**Work instructions:**
Print each entry precisely; exclude the pictures.

**Material to process:**
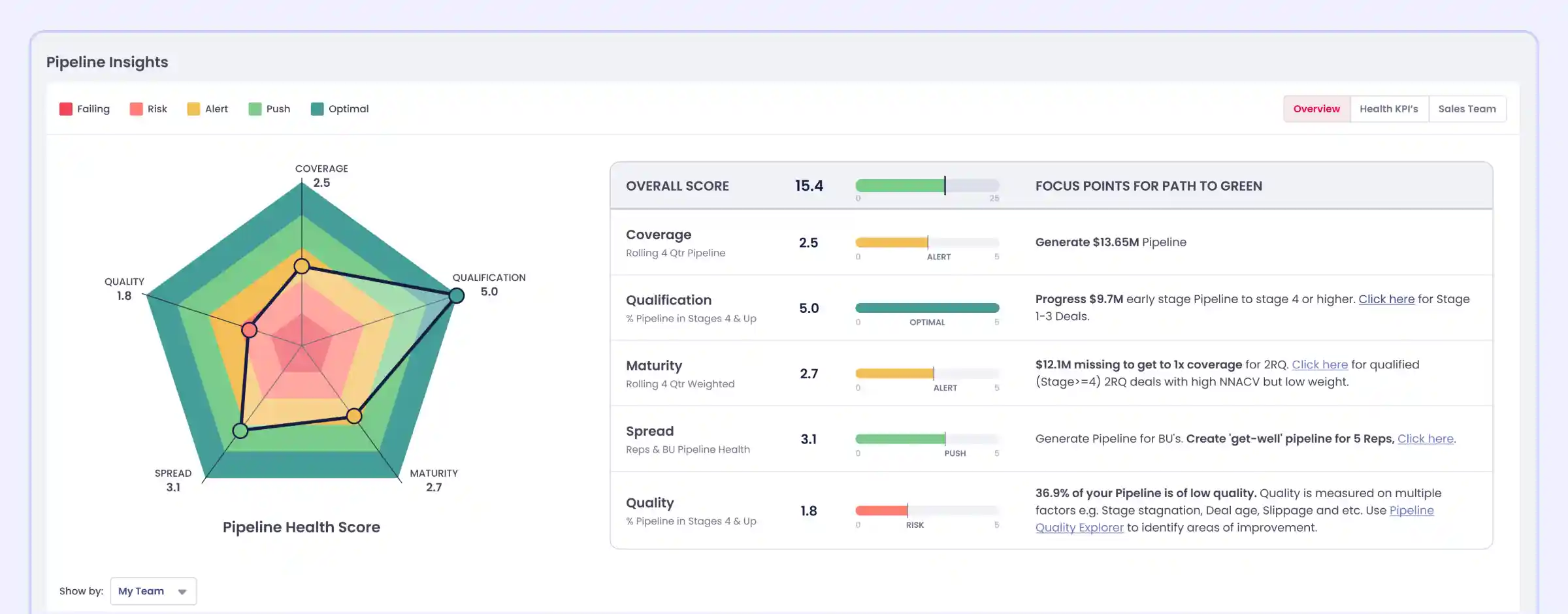 1. Pentagon Score: Pipeline health is now scored across Coverage, Qualification, Maturity, Spread, and Quality
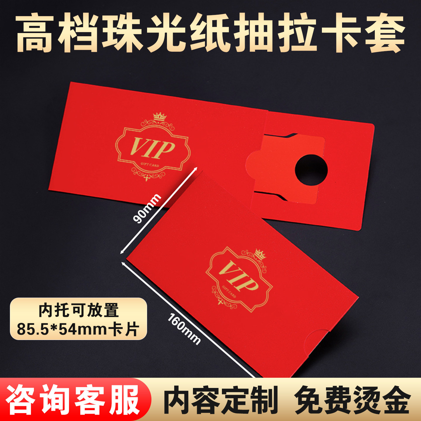 📚 vip会员卡套定制储值卡礼品卡提货卡贵宾卡购物卡蟹卡珠光纸信封烫金带logo现货抽拉式纸质封套包装设计制作
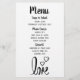 Add some fun to your wedding or bridal shower with this cute black and white love with hearts menu card. Fun menu for your minimalist or modern wedding, anniversary party, engagement party, bridal shower, rehearsal dinner.
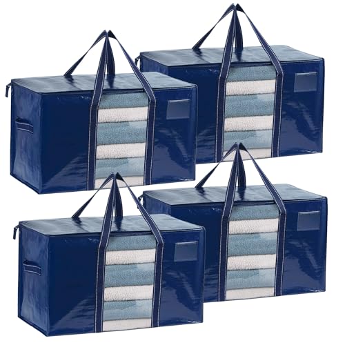 VENO 4 Pack Heavy Duty Moving Bags for Clothes,Extra Large Moving House Essentials,Underbed Storage Packing Boxes for Duvet,Waterproof Laundry Bags Organiser (Blue, 4 Pack)
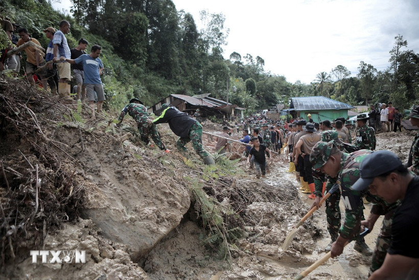 Lực lượng cứu hộ và người dân thu dọn bùn đất sau lũ lụt và lở đất tại Bắc Sumatra, Indonesia, ngày 28/11/2025. (Ảnh: THX/TTXVNc)
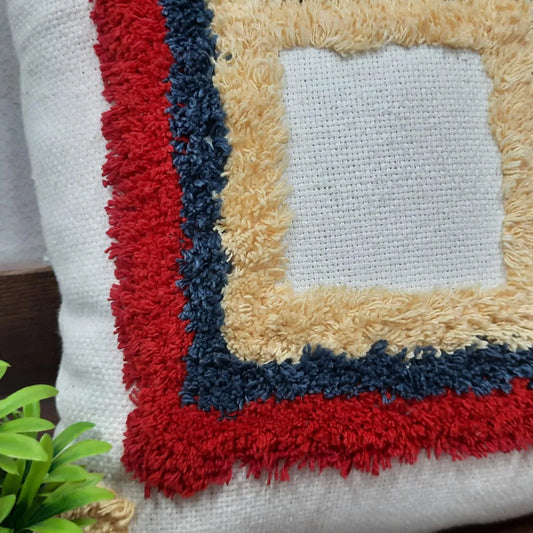 Hand Tufted 100% Cotton Sofa Cushion Cover – FREE Filler – Red And Yellow Diamond – 45×45 cms
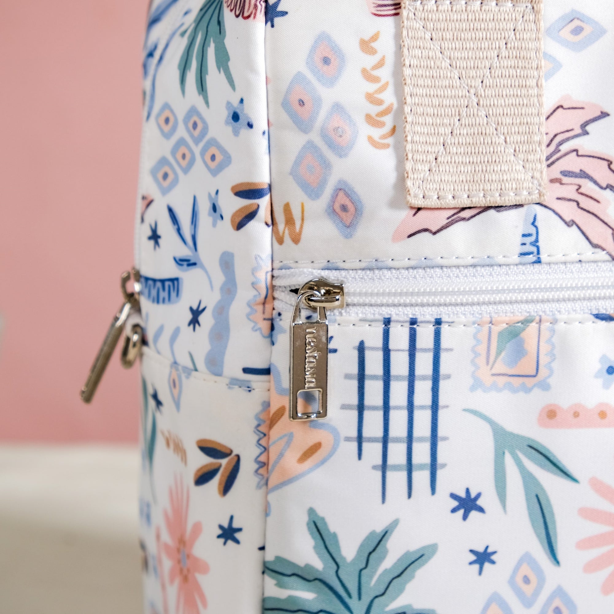 Design: Featuring an abstract tropical print, this nylon lunch bag blends charm with practicality. The water-resistant exterior ensures easy cleaning and protection from spills, while the beige woven handles offer a comfortable grip. A front zipper pocket keeps cutlery organised, and sturdy stitching supports long use. Rounded corners, soft lining and a reinforced bottom complete its sleek structure.
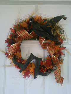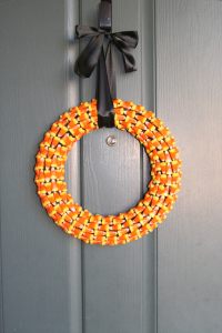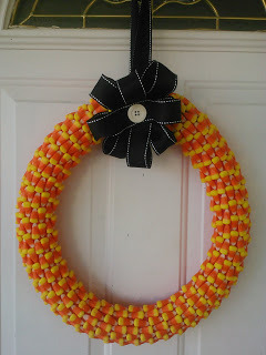 Partly because I just thought it was so cute...partly because my husband thinks candy corn is an abomination to mankind! Mwahahaha (yes, that was my pitiful attempt at an evil laugh)! My oldest, who loves it, was horrified, but that's okay, he got all the broken ones I couldn't use. I ended up using a pool noodle (also an idea from pinterest) and didn't wrap it in ribbon before I started. If I were to do it again I would. However, I like my bow better and don't mind that it's slightly oval shaped.
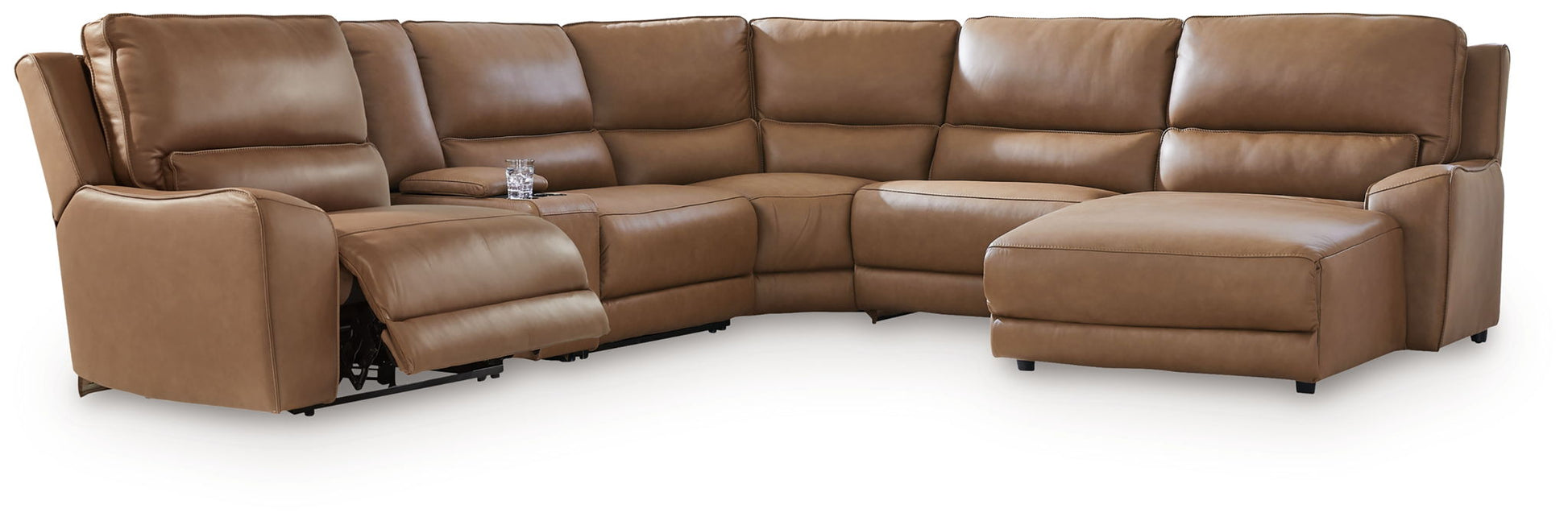 Silverbrooke - 6-Piece Power Reclining Sectional With RAF Press Back Power Chaise And Storage Console - Caramel
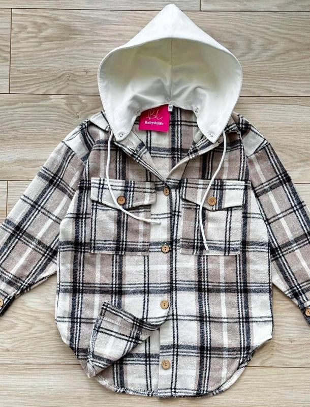 модняшка Супер стильна сорочка з капюшоном! Сорочка подовжена, застібається на гудзики. Є накладні кармани. Капюшон знімається (на гудзиках). У капюшоні є утяжка-шнурок. Тканина - турецька байка. Супер якість! Заміри: 134 - довжина - 61см, напівобхват грудей - 45см, рукав від горловини - 56см. 140 - довжина - 63см, напівобхват грудей - 47см, рукав від горловини - 58см. 146 - довжина - 67см, напівобхват грудей - 48см, рукав від горловини - 60см. 152 - довжина - 69см, напівобхват грудей - 49см, рукав від горловини - 63см.
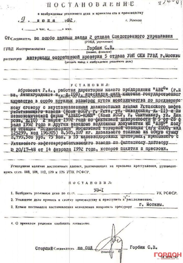 The Russian government officials in the Prosecutor’s Office (which was the same office as the one formerly under the auspices of the Soviet government) considered everyone conducting business successfully in those murky times as prima facie criminals and initiated criminal proceedings constantly. It was genuinely challenging to determine who was and who was not a criminal. For example, on June 9, 1992, criminal proceedings were initiated in Moscow against Roman Abramovich, alleging that he stole 55 tankers with diesel fuel.
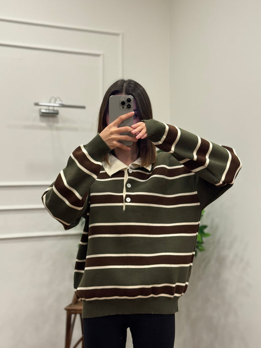 Vintage Haki Polo Yaka Kazak
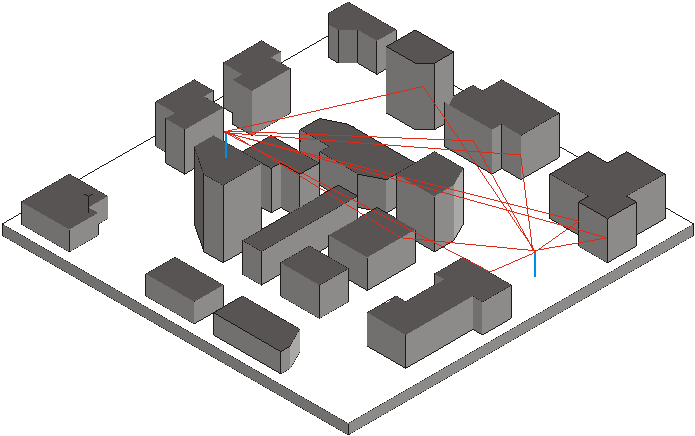 Radio transmission in urban environments is subject to strong multipath propagation (see Figure 1). Dominant characteristics in these scenarios are reflection, diffraction, shadowing by discrete obstacles and wave guiding effects in street canyons. To consider these effects in a propagation model, it is necessary to gain knowledge of all dominant propagation paths. These paths depend primarily on the base station antenna height with respect to the surrounding building heights.
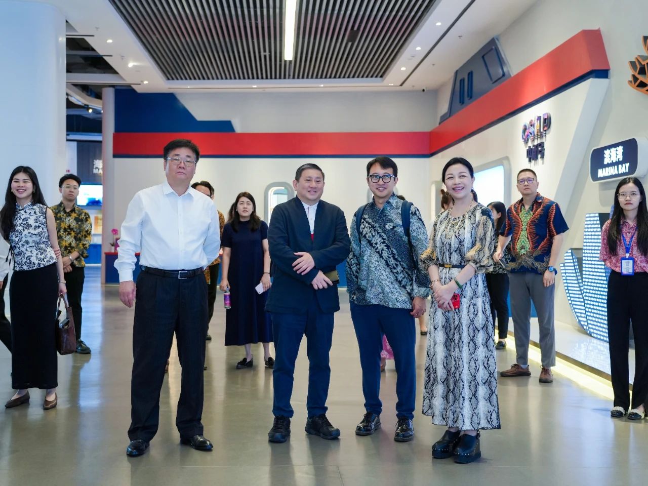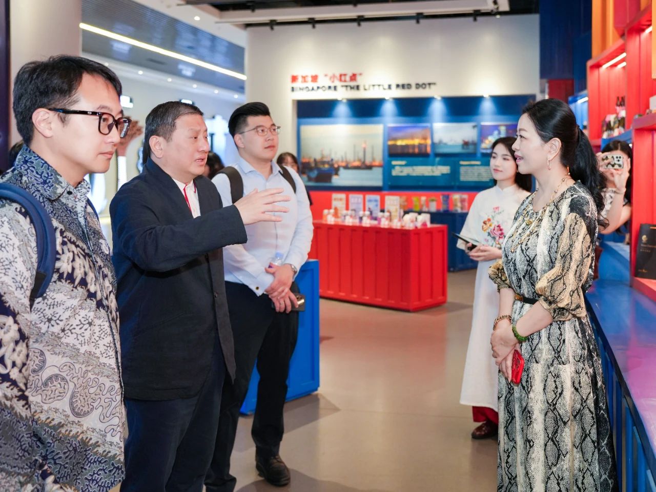 步入?yún)R聚中心,陳海泉大使便被新加坡展館門口的魚尾獅所吸引,特意駐足拍攝。進(jìn)入展館后,考察組沉浸式體驗(yàn)了璀璨星空走廊、垂直綠化的花園城市與組屋街區(qū)等場(chǎng)景,紛紛表示很開心能在廣西看到一個(gè)多維度呈現(xiàn)“獅城”獨(dú)特風(fēng)貌的地方,漫步其中恍若回到新加坡,倍感親切。同時(shí),考察組充分認(rèn)可了匯聚中心線上線下相結(jié)合的創(chuàng)新理念,并就未來在經(jīng)貿(mào)、物流等領(lǐng)域的合作與匯聚中心團(tuán)隊(duì)進(jìn)行了交流并達(dá)成共識(shí)。

**Response to this exercise:**
 1. Pentagon Score: Pipeline health is now scored across Coverage, Qualification, Maturity, Spread, and Quality
 📚 vip会员卡套定制储值卡礼品卡提货卡贵宾卡购物卡蟹卡珠光纸信封烫金带logo现货抽拉式纸质封套包装设计制作
 Add some fun to your wedding or bridal shower with this cute black and white love with hearts menu card. Fun menu for your minimalist or modern wedding, anniversary party, engagement party, bridal shower, rehearsal dinner.
 VENO 4 Pack Heavy Duty Moving Bags for Clothes,Extra Large Moving House Essentials,Underbed Storage Packing Boxes for Duvet,Waterproof Laundry Bags Organiser (Blue, 4 Pack)
 Lực lượng cứu hộ và người dân thu dọn bùn đất sau lũ lụt và lở đất tại Bắc Sumatra, Indonesia, ngày 28/11/2025. (Ảnh: THX/TTXVNc)
 Hand Tufted 100% Cotton Sofa Cushion Cover – FREE Filler – Red And Yellow Diamond – 45×45 cms
 Design: Featuring an abstract tropical print, this nylon lunch bag blends charm with practicality. The water-resistant exterior ensures easy cleaning and protection from spills, while the beige woven handles offer a comfortable grip. A front zipper pocket keeps cutlery organised, and sturdy stitching supports long use. Rounded corners, soft lining and a reinforced bottom complete its sleek structure.
 Partly because I just thought it was so cute...partly because my husband thinks candy corn is an abomination to mankind! Mwahahaha (yes, that was my pitiful attempt at an evil laugh)! My oldest, who loves it, was horrified, but that's okay, he got all the broken ones I couldn't use. I ended up using a pool noodle (also an idea from pinterest) and didn't wrap it in ribbon before I started. If I were to do it again I would. However, I like my bow better and don't mind that it's slightly oval shaped.
 Silverbrooke - 6-Piece Power Reclining Sectional With RAF Press Back Power Chaise And Storage Console - Caramel
 модняшка Супер стильна сорочка з капюшоном! Сорочка подовжена, застібається на гудзики. Є накладні кармани. Капюшон знімається (на гудзиках). У капюшоні є утяжка-шнурок. Тканина - турецька байка. Супер якість! Заміри: 134 - довжина - 61см, напівобхват грудей - 45см, рукав від горловини - 56см. 140 - довжина - 63см, напівобхват грудей - 47см, рукав від горловини - 58см. 146 - довжина - 67см, напівобхват грудей - 48см, рукав від горловини - 60см. 152 - довжина - 69см, напівобхват грудей - 49см, рукав від горловини - 63см.
 The Russian government officials in the Prosecutor’s Office (which was the same office as the one formerly under the auspices of the Soviet government) considered everyone conducting business successfully in those murky times as prima facie criminals and initiated criminal proceedings constantly. It was genuinely challenging to determine who was and who was not a criminal. For example, on June 9, 1992, criminal proceedings were initiated in Moscow against Roman Abramovich, alleging that he stole 55 tankers with diesel fuel.
 Vintage Haki Polo Yaka Kazak
 Radio transmission in urban environments is subject to strong multipath propagation (see Figure 1). Dominant characteristics in these scenarios are reflection, diffraction, shadowing by discrete obstacles and wave guiding effects in street canyons. To consider these effects in a propagation model, it is necessary to gain knowledge of all dominant propagation paths. These paths depend primarily on the base station antenna height with respect to the surrounding building heights.
 步入?yún)R聚中心,陳海泉大使便被新加坡展館門口的魚尾獅所吸引,特意駐足拍攝。進(jìn)入展館后,考察組沉浸式體驗(yàn)了璀璨星空走廊、垂直綠化的花園城市與組屋街區(qū)等場(chǎng)景,紛紛表示很開心能在廣西看到一個(gè)多維度呈現(xiàn)“獅城”獨(dú)特風(fēng)貌的地方,漫步其中恍若回到新加坡,倍感親切。同時(shí),考察組充分認(rèn)可了匯聚中心線上線下相結(jié)合的創(chuàng)新理念,并就未來在經(jīng)貿(mào)、物流等領(lǐng)域的合作與匯聚中心團(tuán)隊(duì)進(jìn)行了交流并達(dá)成共識(shí)。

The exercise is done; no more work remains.